## TASK INSTRUCTIONS
Transcribe the entries that follow exactly as they appear, minus pictures.

++++++++++

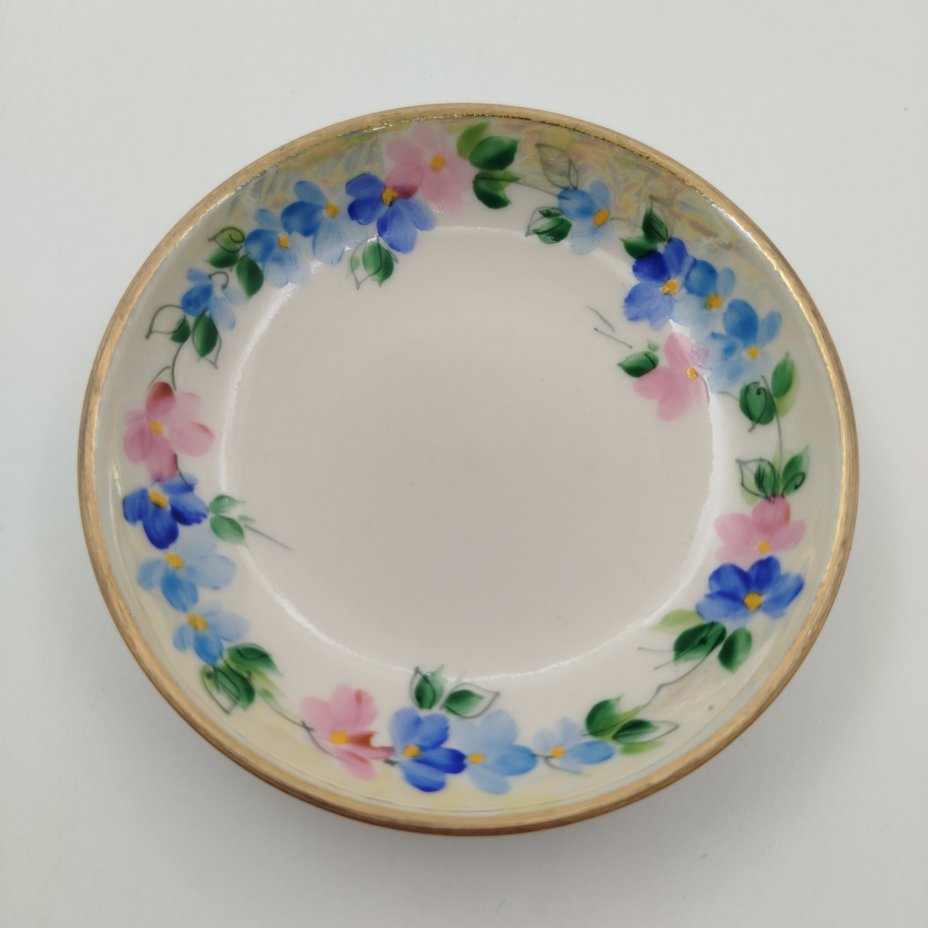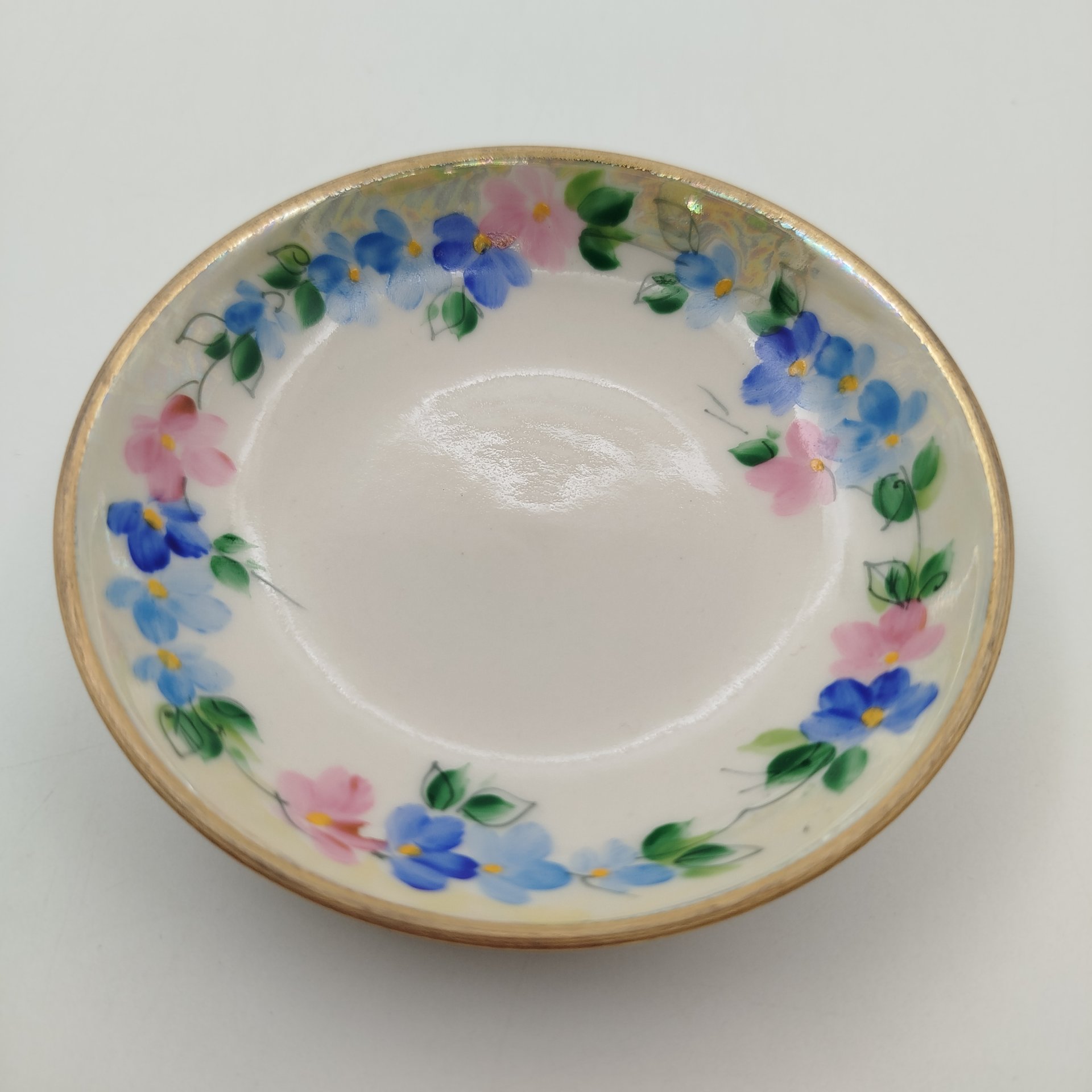 Пара розеток (блюдец) с цветочным декором, фаянс, деколь, обводка, Конаковский фаянсовый завод им. М.И. Калинина (ЗиК Конаково), СССР, 1934-1940 гг.
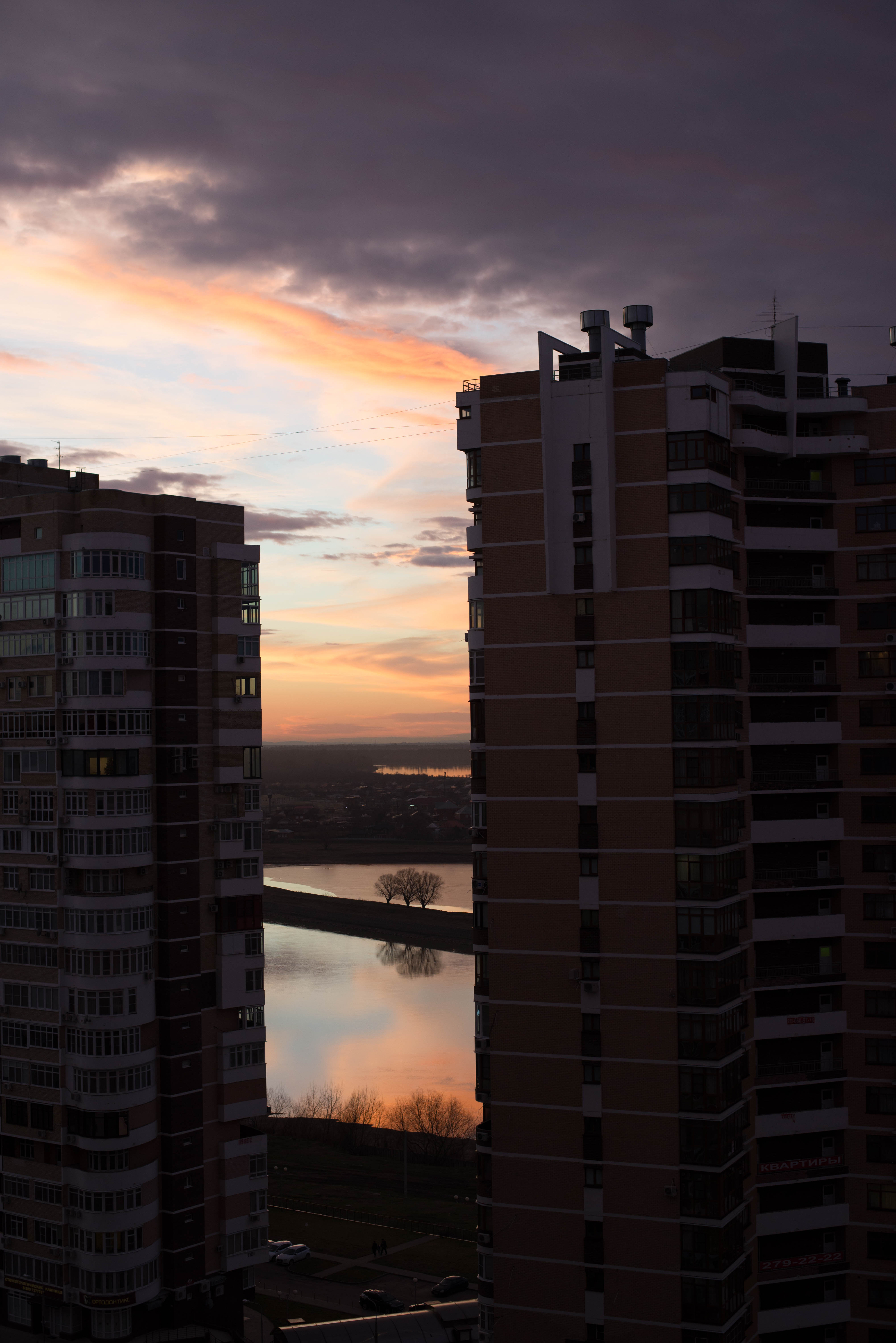 Красивый закатный кадр! Интересный сюжет с домами на переднем плане. Красивые краски вдали.
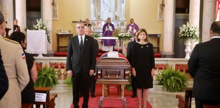 En la misa de cuerpo presente, oficiada por el sacerdote Frankelly Rodríguez en la parroquia San Rafael Arcángel del Palacio Nacional, el presidente Abinader recibió a la familia Jorge Villegas, integrada por la esposa de Jorge Mera, Patricia Villegas de Jorge, y sus hijos Orlando y Patricia Victoria, así como su hermana Dilia Leticia.
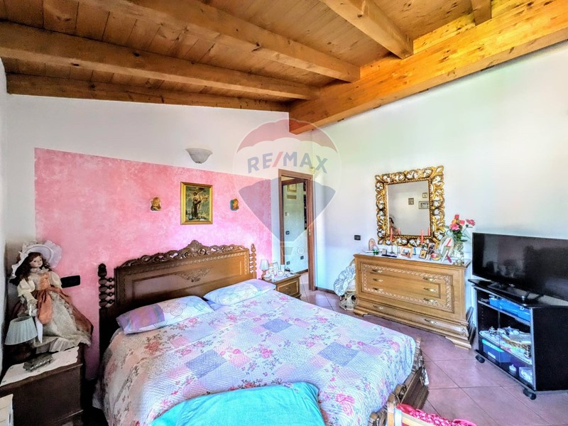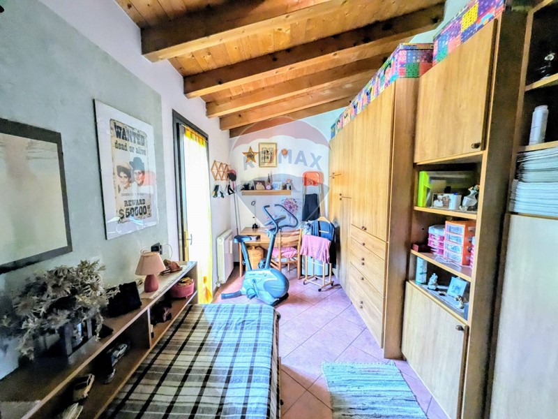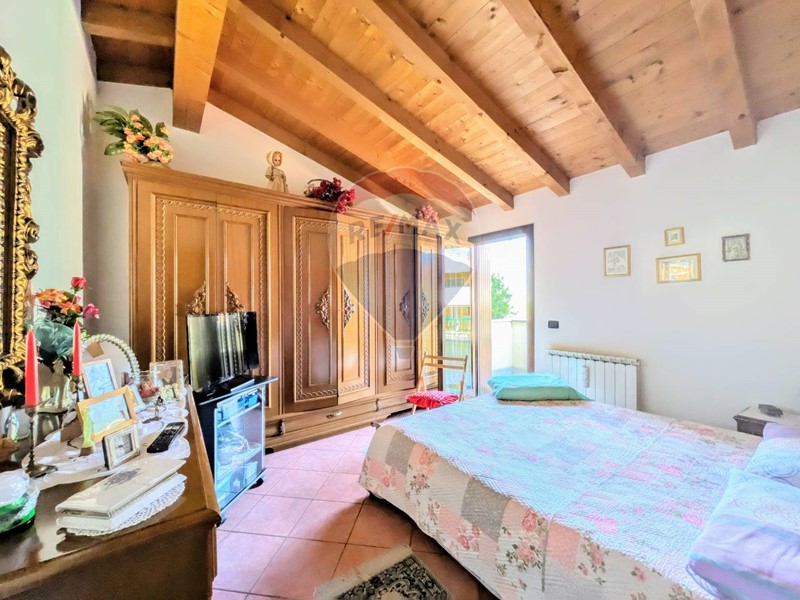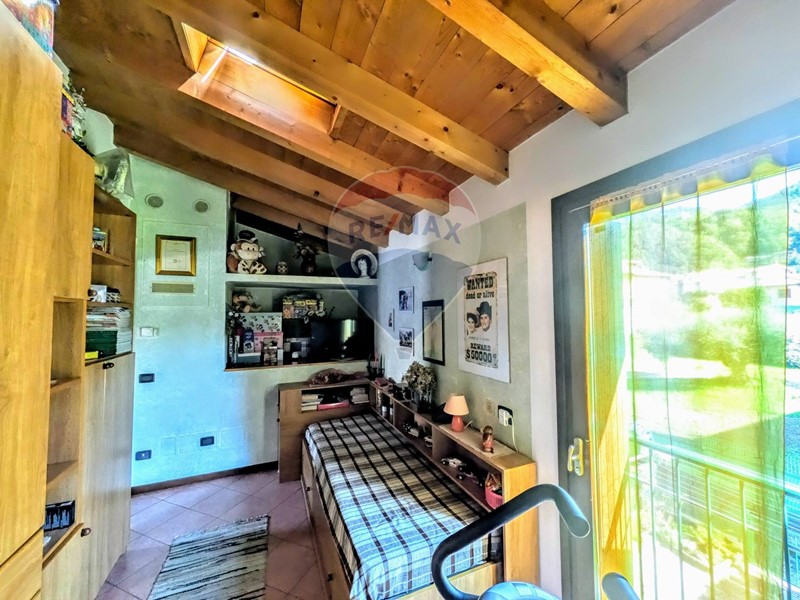 Salendo invece la scala che conduce al primo piano raggiungiamo le due camere, una singola e una matrimoniale dotata di balcone con vista, e il secondo bagno, anchesso finestrato. La zona notte è caratterizzata dalle meravigliose travi a vista che donano calore e vivacità.
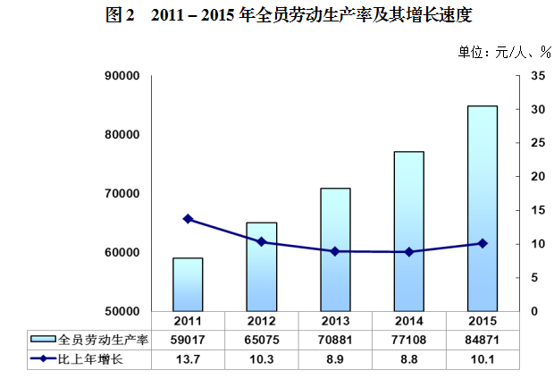 全年全员劳动生产率为84871元/人,比上年提高10.1% 。
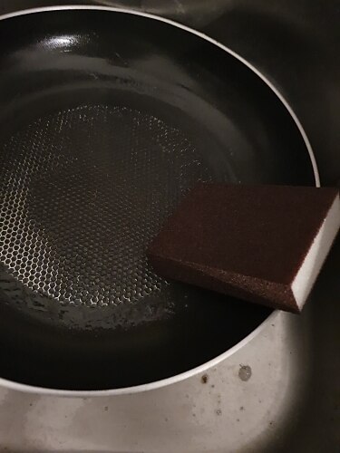Sehr guter Schwamm um die Pfanne zu reinigen, nachdem man darin Eier gebraten hat. Sehr guter Schwamm um die Pfanne zu reinigen, nachdem man darin Eier gebraten hat.
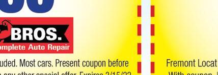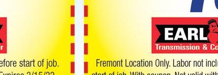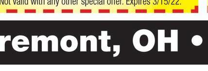 For information about owning a Town Money Saver® franchise, please call 800-481-8696. FREMONT Published By Town Money Saver, Inc. Corporate O ce • PO Box 356 • Lucas, OH 44843 © 2022 Town Money Saver, Inc. All rights reserved. For advertising information, call 888.399.1900 NEXT ISSUE IN HOMES: March 18, 2022 ADVERTISING DEADLINE: March 4, 2022 POSTAL CUSTOMER PRSRT STD ECRWSS U.S. POSTAGE PAID Town Money Saver, Inc. townmoneysaver.com 24/7 Call today! 800-589-3366 OH LIC #23862 With coupon. Not valid with other offers or discounts. Exp. 03-17-22. Bayside Comfort, Inc. Bayside Comfort, Inc. on a Trane High Efficiency Complete System 50% OFF 48 MONTHS 0% Interest 24-hour EMERGENCY SERVICE NEVER pay additional overtime or after-hour charges! Service Diagnostic! UP TO FTMS FTMS 105 South Front St. Fremont Monday - Saturday 9:00am-9:00pm www.elroysdeli.com 419-333-8289 Delivery and Carry- Out available until 9pm WE DELIVER Any order of $20 or more $5 Expires 3/15/22. With coupon. Not valid with any other coupon or discount $19.99 Two large one topping pizzas plus a 1/2 gallon of house made recipe 105 root beer (Regular price $27.50) Expires 3/15/22. With coupon. Not valid with any other coupon or discount Drive-thru only
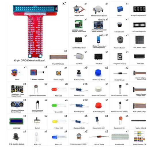 Adeept Ultimate Starter Learning Kit for Raspberry Pi is a more comprehensive kit than other Raspberry Pi kits, this kit contains over 50 different electronic components, including more than 180 components.
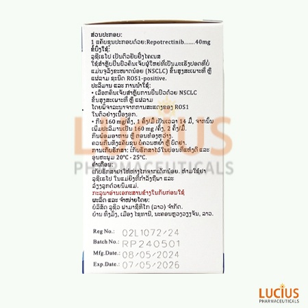 The Lucius version of Repotrectinib has a drug specification of 40mg/60capsules, which fully considers the convenience and compliance of patients' medication. Patients can take the prescribed dosage and frequency according to the doctor's prescription and advice.
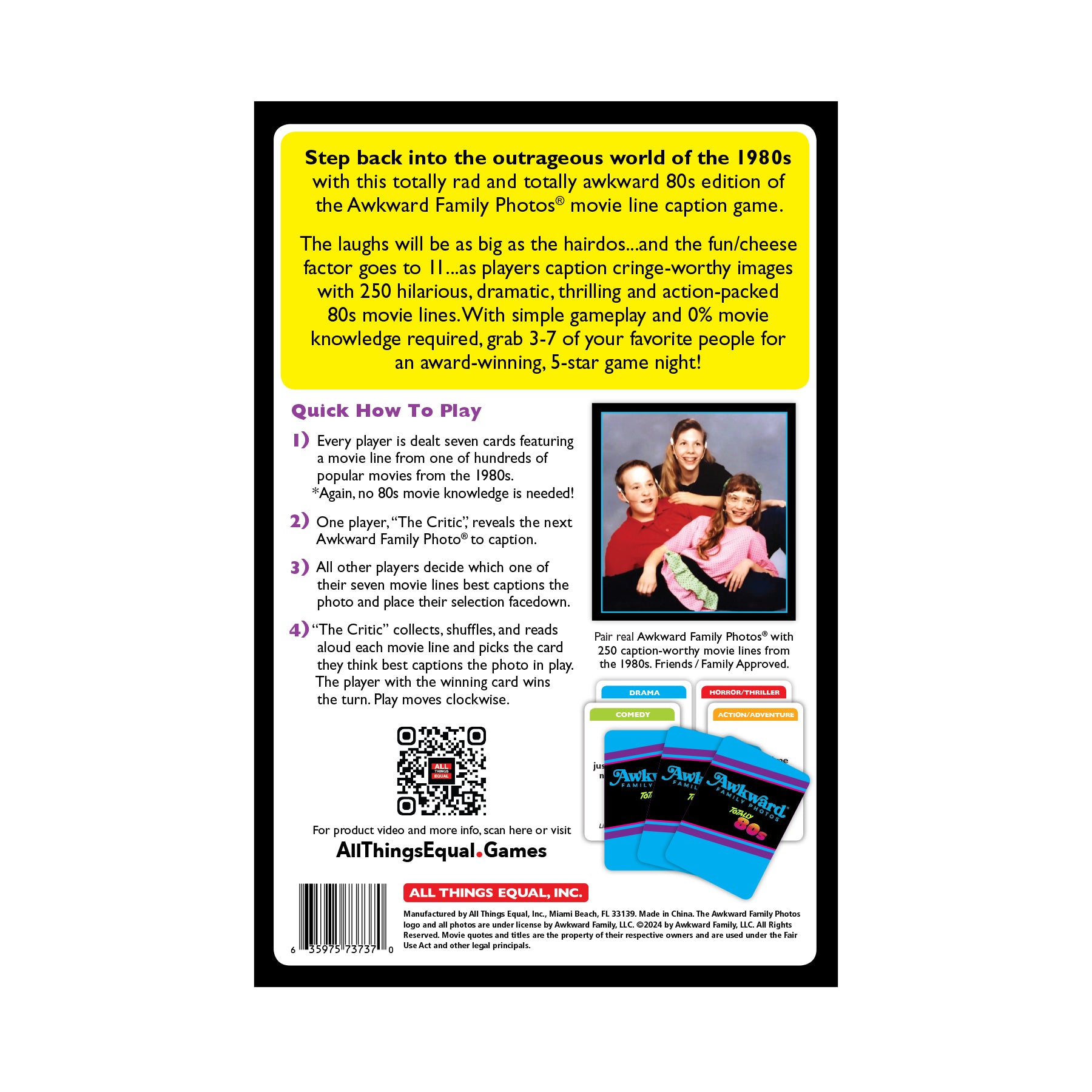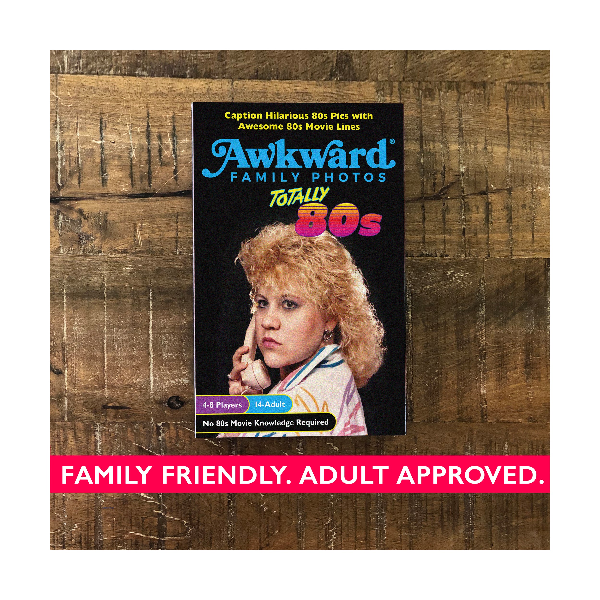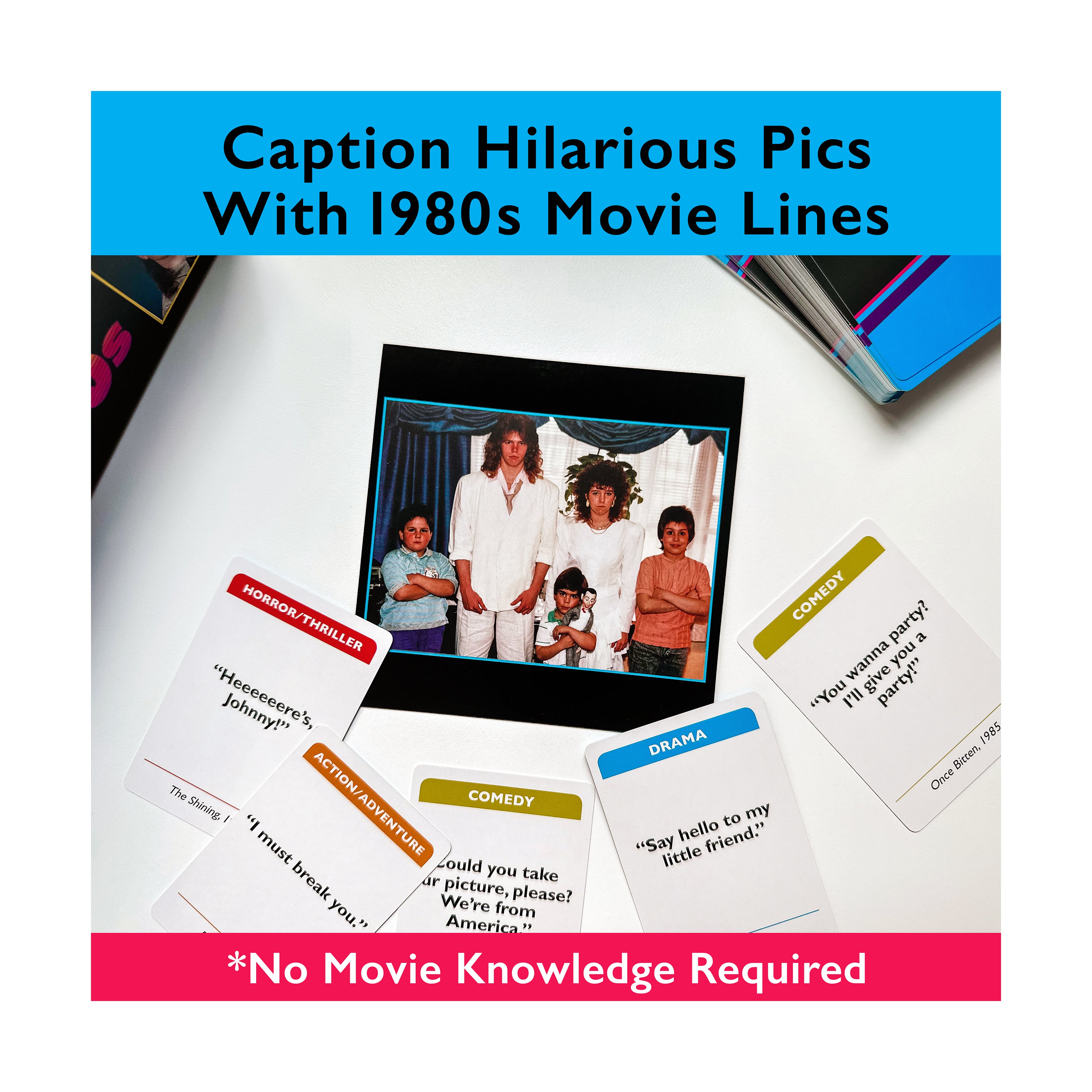 The laughs will be as big as the hairdos... and the fun/cheese factor goes to 11... as players caption cringe-worthy images with 250 hilarious, dramatic, thrilling, and action-packed 80s movie lines. With simple gameplay and 0% movie knowledge required, grab 3-7 of your favorite people for an award-winning, 5-star game night!

++++++++++

## ANSWER TO THIS TASK
 Пара розеток (блюдец) с цветочным декором, фаянс, деколь, обводка, Конаковский фаянсовый завод им. М.И. Калинина (ЗиК Конаково), СССР, 1934-1940 гг.
 Красивый закатный кадр! Интересный сюжет с домами на переднем плане. Красивые краски вдали.
 En la misa de cuerpo presente, oficiada por el sacerdote Frankelly Rodríguez en la parroquia San Rafael Arcángel del Palacio Nacional, el presidente Abinader recibió a la familia Jorge Villegas, integrada por la esposa de Jorge Mera, Patricia Villegas de Jorge, y sus hijos Orlando y Patricia Victoria, así como su hermana Dilia Leticia.
 Salendo invece la scala che conduce al primo piano raggiungiamo le due camere, una singola e una matrimoniale dotata di balcone con vista, e il secondo bagno, anchesso finestrato. La zona notte è caratterizzata dalle meravigliose travi a vista che donano calore e vivacità.
 全年全员劳动生产率为84871元/人,比上年提高10.1% 。
Sehr guter Schwamm um die Pfanne zu reinigen, nachdem man darin Eier gebraten hat. Sehr guter Schwamm um die Pfanne zu reinigen, nachdem man darin Eier gebraten hat.
 For information about owning a Town Money Saver® franchise, please call 800-481-8696. FREMONT Published By Town Money Saver, Inc. Corporate O ce • PO Box 356 • Lucas, OH 44843 © 2022 Town Money Saver, Inc. All rights reserved. For advertising information, call 888.399.1900 NEXT ISSUE IN HOMES: March 18, 2022 ADVERTISING DEADLINE: March 4, 2022 POSTAL CUSTOMER PRSRT STD ECRWSS U.S. POSTAGE PAID Town Money Saver, Inc. townmoneysaver.com 24/7 Call today! 800-589-3366 OH LIC #23862 With coupon. Not valid with other offers or discounts. Exp. 03-17-22. Bayside Comfort, Inc. Bayside Comfort, Inc. on a Trane High Efficiency Complete System 50% OFF 48 MONTHS 0% Interest 24-hour EMERGENCY SERVICE NEVER pay additional overtime or after-hour charges! Service Diagnostic! UP TO FTMS FTMS 105 South Front St. Fremont Monday - Saturday 9:00am-9:00pm www.elroysdeli.com 419-333-8289 Delivery and Carry- Out available until 9pm WE DELIVER Any order of $20 or more $5 Expires 3/15/22. With coupon. Not valid with any other coupon or discount $19.99 Two large one topping pizzas plus a 1/2 gallon of house made recipe 105 root beer (Regular price $27.50) Expires 3/15/22. With coupon. Not valid with any other coupon or discount Drive-thru only
 Adeept Ultimate Starter Learning Kit for Raspberry Pi is a more comprehensive kit than other Raspberry Pi kits, this kit contains over 50 different electronic components, including more than 180 components.
 The Lucius version of Repotrectinib has a drug specification of 40mg/60capsules, which fully considers the convenience and compliance of patients' medication. Patients can take the prescribed dosage and frequency according to the doctor's prescription and advice.
 The laughs will be as big as the hairdos... and the fun/cheese factor goes to 11... as players caption cringe-worthy images with 250 hilarious, dramatic, thrilling, and action-packed 80s movie lines. With simple gameplay and 0% movie knowledge required, grab 3-7 of your favorite people for an award-winning, 5-star game night!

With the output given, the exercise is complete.